Can we rephrase  this as a Lagrangian  dependent on position only,  i.e. not involve the  derivative? Let's say
that   there  is   a  scalar   field  $f$   of  constant   value   $f(x,  y)   =  c$.   So  our   task  is   to
minimise $S[y] = \int_{y} c$ where this notation refers to  a path integral along the curve $y(x)$. On the face
of it this is dependent on position only. However, the calculation ends up involving the derivative:
\begin{align*}
  \int_{y} c
  &= c\int_{y}4 \\
  &= c\int_{x_{0}}^{x_{1}}\sqrt{(\dx)^{2} + (y'(x)\dx)^{2}} \\
  &= x\int_{x_0}^{x_1} \sqrt{1 + y'(x)} \dx.
\end{align*}

\begin{align*}
  \int_{y} c
  &= c\int_{y}1 \\
  &= c\int_{x_{0}}^{x_{1}}\sqrt{(\dx)^{2} + (y'(x)\dx)^{2}} \\
  &= x\int_{x_0}^{x_1} \sqrt{1 + y'(x)} \dx.
\end{align*}

\begin{question*}
  In 1662 Fermat proposed that light, when passing from one point to another through a material with varying
  refractive index, takes the path which takes least time\footnote{\todo{In fact, the path taken is a
      stationary point with respect to the action? time? ...not necessarily least}}. What is this path?
\end{question*}

\begin{proof}
  Again consider a short section of the path of length $\Delta s$ above a section of the $x$-axis of
  length $\Delta x$. Let $c$ be the speed of light and $n$ be the refractive index in this region. This means
  that the light travels at speed $c/n$, and therefore takes time $(n/c)\Delta s$ to pass along the
  hypotenuse. The refractive index $n$ can vary with both $x$ and $y$, therefore a least-time path is a
  function $y(x)$ that minimizes
  \begin{align*}
    T = \int_{x_0}^{x_1} n(x, y(x)) \d s = \int_{x_0}^{x_1} n(x, y(x)) \sqrt{1 + y'(x)^2} \dx,
  \end{align*}
  with the constraint that the endpoints are fixed at $y(x_0) = y_0$ and $y(x_1) = y_1$.

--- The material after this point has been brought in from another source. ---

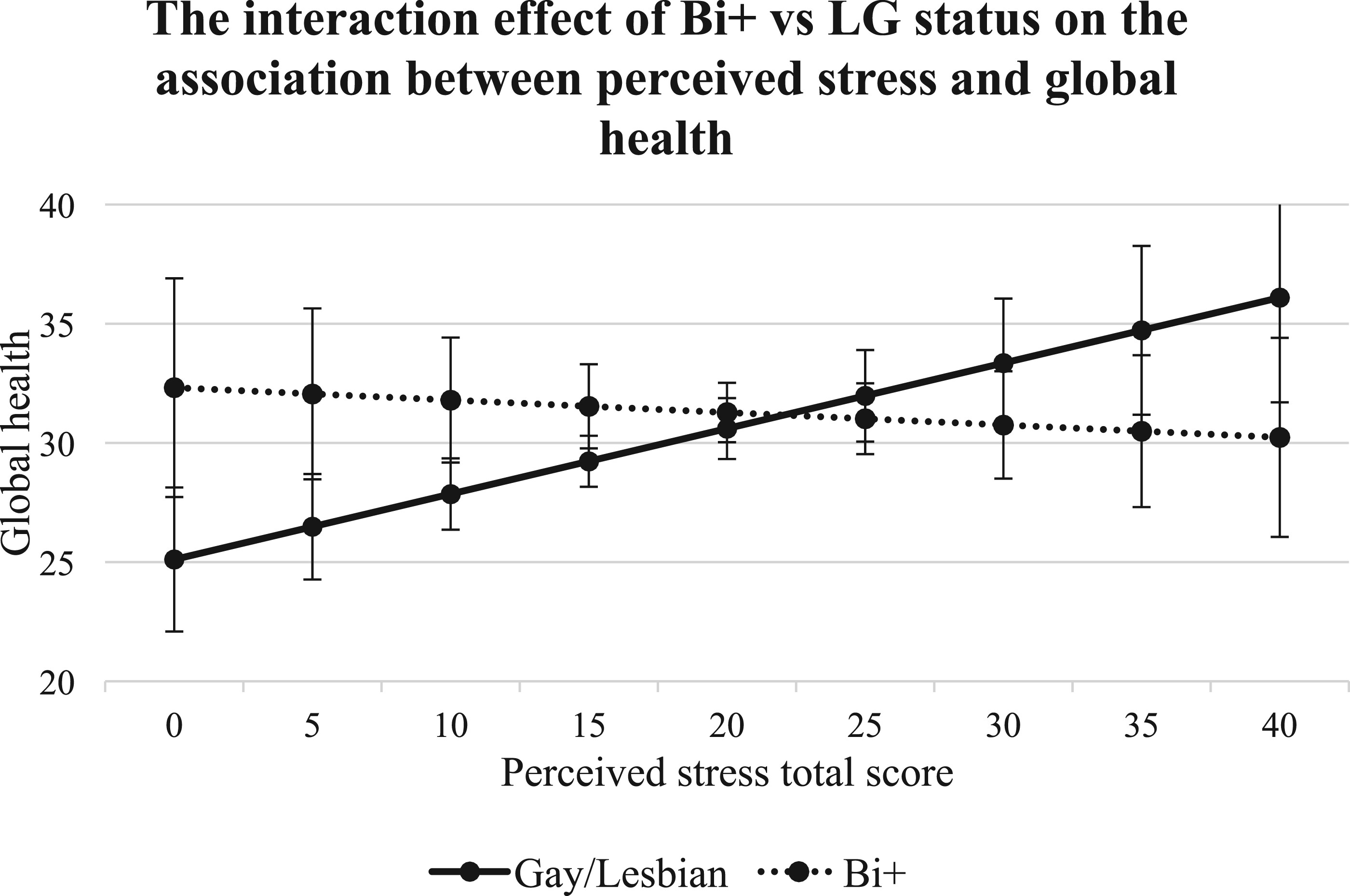 21Unexpectedly, we found that perceived stress was positively associated with global health and this association differed between bi+ and g/l caregivers. Higher perceived stress scores predicted worse global health for bi+ caregivers, yet higher perceived stress scores predicted better global health for g/l caregivers. While we did not examine social connection in the current study, one possible explanation for this finding could be related to differences in social connection between the two groups. For example, g/l caregivers in our sample who report high levels of stress may turn to LGBTQ+ community-serving organizations for support and social engagement. Programs offered by LGBTQ+ community-serving organizations are often tailored to g/l individuals, with limited offerings specifically designed for bi+ community members.
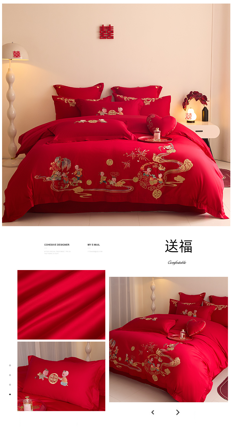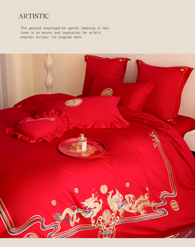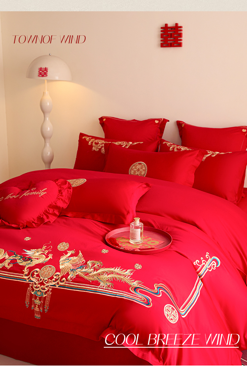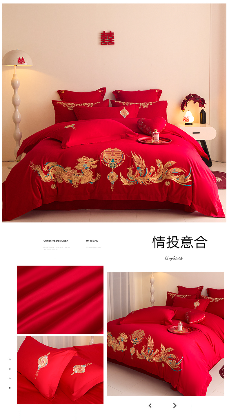 当前位置: 91家纺网 > 商品网购 > 床品套件 > 四件套 > 婚庆四件套 > 东方合美(原:皇家传奇) 2025新款长绒棉纯棉婚庆刺绣小红书系列四件套 幸福龙凤

  \todo{Find the function $y$ that minimizes this integral.}
\end{proof}

A naive thought would be to somehow treat $y$ similarly to how a variable is treated when minimizing a function
in in basic calculus, i.e. differentiate the expression with respect to $y$. Recall that the definition of
derivative is
\begin{align*}
  f'(y_0) = \lim_{y_1 \to y_0}\frac{f(y_1) - f(y_0)}{||y_1 - y_0||}.
\end{align*}

\todo{I think this is nonsense and the reason is that multiplication (and therefore division) of functions is
  not defined (they can be treated as vectors, so can be added and scaled, but do not have an obviously
  appropriate multiplication operation). I don't think choosing a norm would necessarily be problematic.}

\section{The Euler-Lagrange equations}

\begin{proof}
  Note that in both example problems, the integral to be minimized can be viewed as a scalar-valued \emph{functional}
  $S$ that depends on the \emph{function} $y$:
  \begin{align*}
    S[y](x_0, x_1) = \int_{x_0}^{x_1} f[x, y(x), y'(x)] \dx.
  \end{align*}
  The arguments of the function $f$ that is integrated are \emph{not functions}! They are numeric values at a single point
  in the path: the current $x$ value, the current $y$ value, and current slope. We will attempt to stick to a
  notation wherein a symbol like $y$ is a function, and $y(x)$ is a result of evaluating the function at input
  value $x$.

  We'll refer to $S$ as giving the \emph{cost} of traveling along the path $y$, from $(x_0, y_0)$ to $(x_1, y_1)$.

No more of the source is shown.